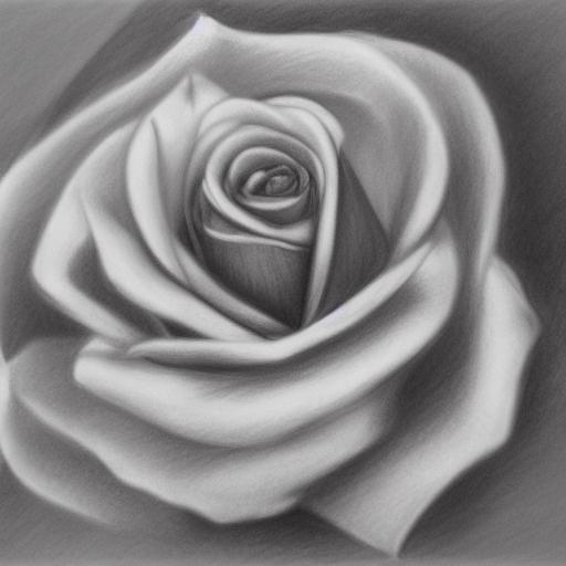 A black and white color charcoal drawing of a rose
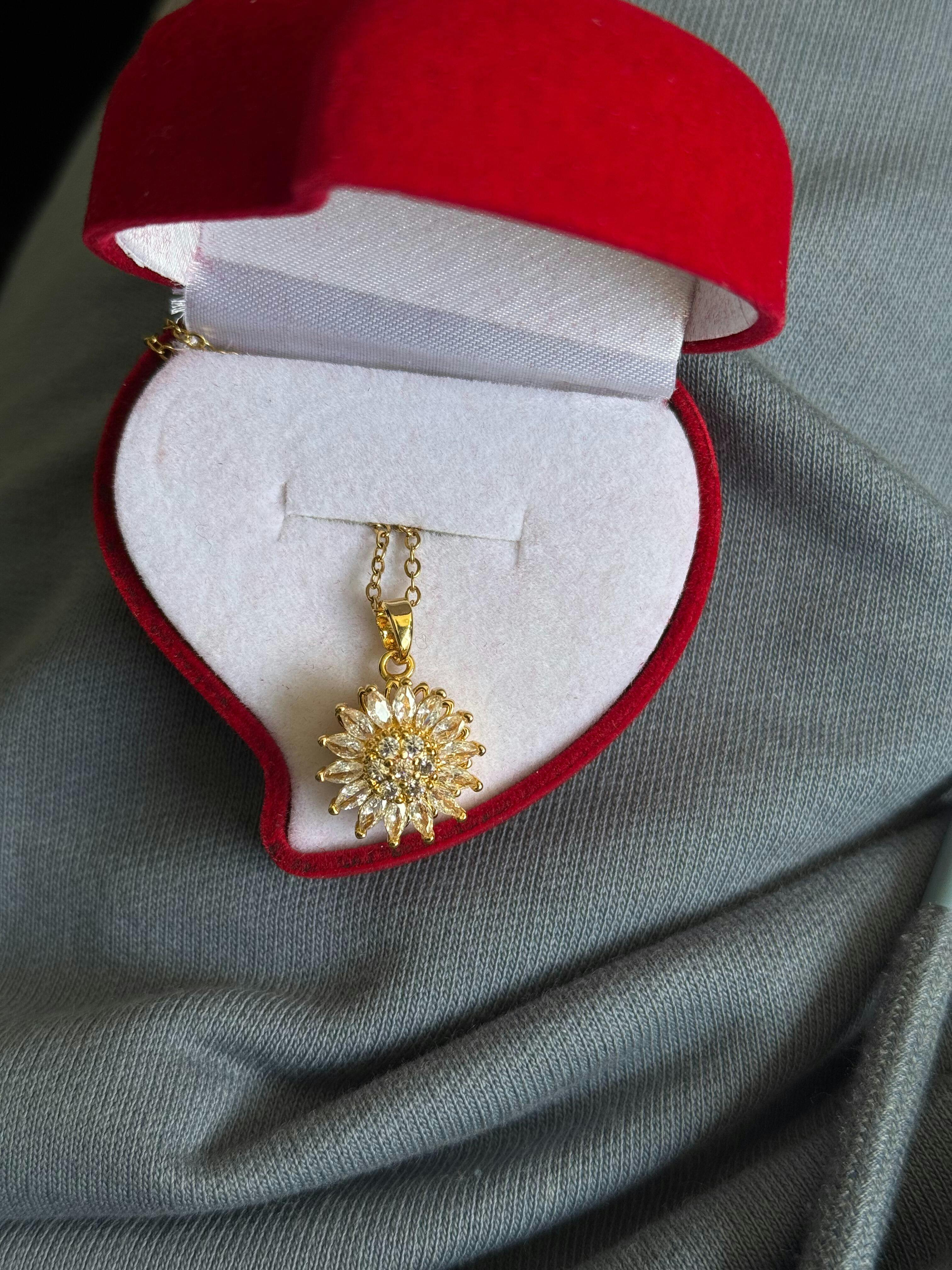 1 Collar de girasol giratorio en acero inoxidable 316L duradero con baño en oro 10k y dije en cobre galvanizado con baño en oro 10k
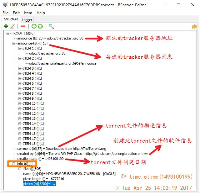 在BEncode Editor中显示如下,这个73KB的种子包含了丰富的信息,在它的tracker服务器列表中可以看到名为海盗党的希腊域名,这个种子文件也才创建不久。
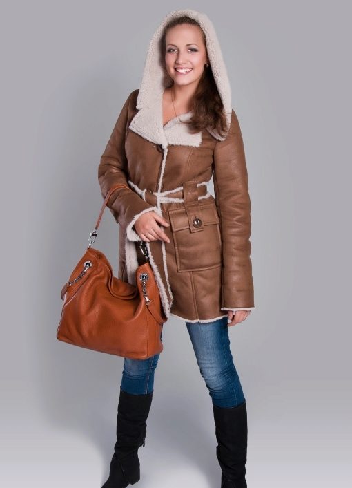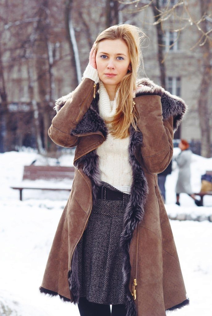 Young girls prefer to wear sheepskin coats with a smell. Usually they are fixed with a belt or a refined clasp. To create a business, elegant bow, a straight cut model with a turn-down collar or a stand-up collar, complemented by fur, is perfect. The sheepskin coats with short sleeves look impressive and glamorous. In the cold season they should be worn with long gloves.
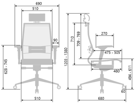 Регулируемая 3D поясничная поддержка (РПП): каркас стальной пластинчатый с полимерным покрытием черного цвета и хромированным молдингом. Подвижная часть РПП стальная хромированная, ремни из искусственной кожи Extra. Регулировка по глубине, высоте и жесткости.
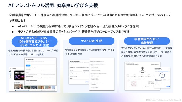 KKCompanyは台湾・シンガポール・日本を拠点とするAIマルチメディアテクノロジーグループであり、これまで企業内に蓄積される会議動画、研修動画、マニュアル、ドキュメント、さらには従業員の形式知・暗黙知を“知の資産”として共有・活用する仕組みを提供してきた。今回の新サービスは、同社が得意とする動画技術とAI活用技術を融合し、社員の知見習得とスキルアップを支援するものである。

━━━━━━━━━━

Instructions to follow – Output each record above word for word, leaving out images.

Answer to this problem –
 A black and white color charcoal drawing of a rose
 1 Collar de girasol giratorio en acero inoxidable 316L duradero con baño en oro 10k y dije en cobre galvanizado con baño en oro 10k
 在BEncode Editor中显示如下,这个73KB的种子包含了丰富的信息,在它的tracker服务器列表中可以看到名为海盗党的希腊域名,这个种子文件也才创建不久。
 Young girls prefer to wear sheepskin coats with a smell. Usually they are fixed with a belt or a refined clasp. To create a business, elegant bow, a straight cut model with a turn-down collar or a stand-up collar, complemented by fur, is perfect. The sheepskin coats with short sleeves look impressive and glamorous. In the cold season they should be worn with long gloves.
 Регулируемая 3D поясничная поддержка (РПП): каркас стальной пластинчатый с полимерным покрытием черного цвета и хромированным молдингом. Подвижная часть РПП стальная хромированная, ремни из искусственной кожи Extra. Регулировка по глубине, высоте и жесткости.
 KKCompanyは台湾・シンガポール・日本を拠点とするAIマルチメディアテクノロジーグループであり、これまで企業内に蓄積される会議動画、研修動画、マニュアル、ドキュメント、さらには従業員の形式知・暗黙知を“知の資産”として共有・活用する仕組みを提供してきた。今回の新サービスは、同社が得意とする動画技術とAI活用技術を融合し、社員の知見習得とスキルアップを支援するものである。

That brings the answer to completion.